Buffalo Wild Wings trades at a p/e around 26 and has no debt. Despite the p/e being above the industry mean the stock still has an attractive peg ration below the industry average. Buffalo Wild Wings will reporting Q4 earnings on February 12, 2013 as the company is estimated to earn 0.95 with an estimated range of 0.89 to 1.00
During the last two earnings releases for Buffalo Wild Wings the negative earnings misses accounted for over an $8.00 drop in the stock on both misses. I believe Q4 will be an important quarter for Buffalo Wild Wings to pay attention to as shareholders may be wondering if Buffalo Wild Wings needs to more time to get through short term challenges or if the stock is a buy now.
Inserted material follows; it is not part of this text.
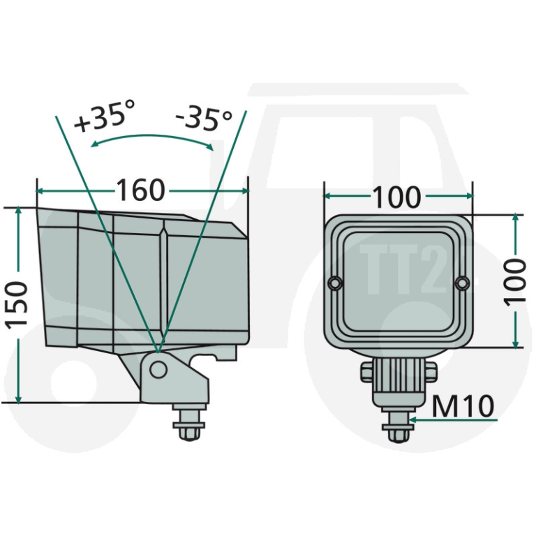 AusführungOptik für Nahfeldausleuchtung, Xenon 55W Leuchtmittel, Integriertes Vorschaltgerät, Anschlussspannung: 12/24 Voltschwarzes Kunststoffgehäuse, Befestigung aus nicht rostendem Stahl, Lichtaustritt: 100 x 90 mmpassend für55W / 85 V
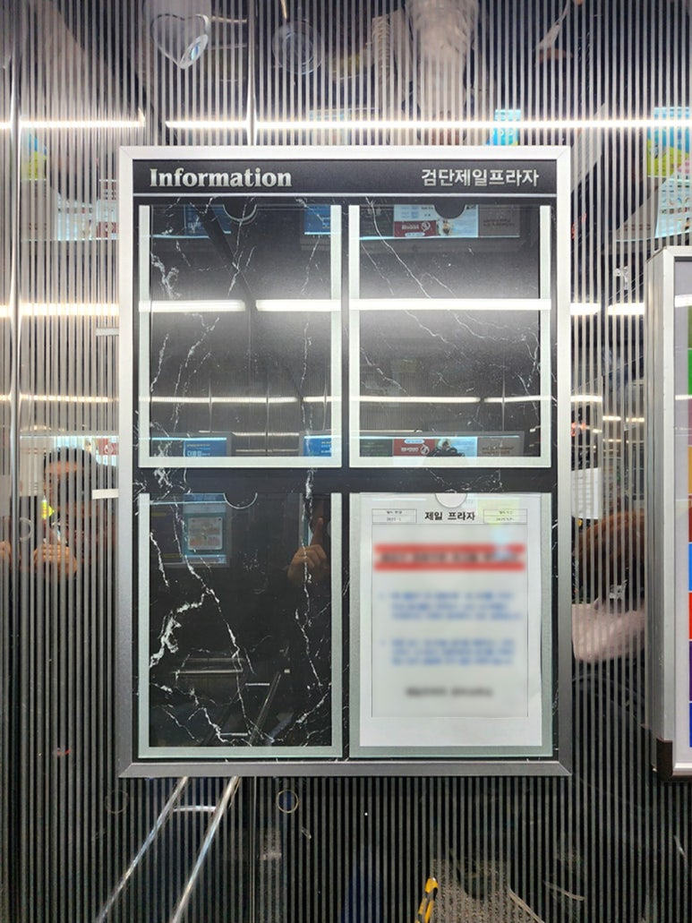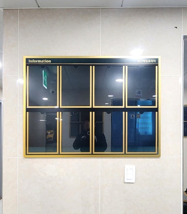 가장 먼저 소개해 드릴 게시판은 검단제일프라자에 시공한 슬림업 게시판 8구와 4구입니다~!

If Buffalo Wild Wings can deliver solid expectations I would expect Buffalo Wild Wings to creep up back in the mid 80's range. If Buffalo Wild Wings misses earnings, I wouldn't be surprised for Buffalo Wild Wings to test support at the $70 level. With the growth in new markets I would pay attention to the conference call to see how much new restaurants are impacting sales.
In conclusion, I still like the growth story behind Buffalo Wild Wings and for about twelve to fifteen dollars one can enjoy wings, beer and a great sports game. Even though the stock may not be screaming buy, I would be patient going into earnings and consider buying shares below $70.
Thanks For Reading.
Disclosure: I have no positions in any stocks mentioned, and no plans to initiate any positions within the next 72 hours. I wrote this article myself, and it expresses my own opinions. I am not receiving compensation for it (other than from Seeking Alpha). I have no business relationship with any company whose stock is mentioned in this article.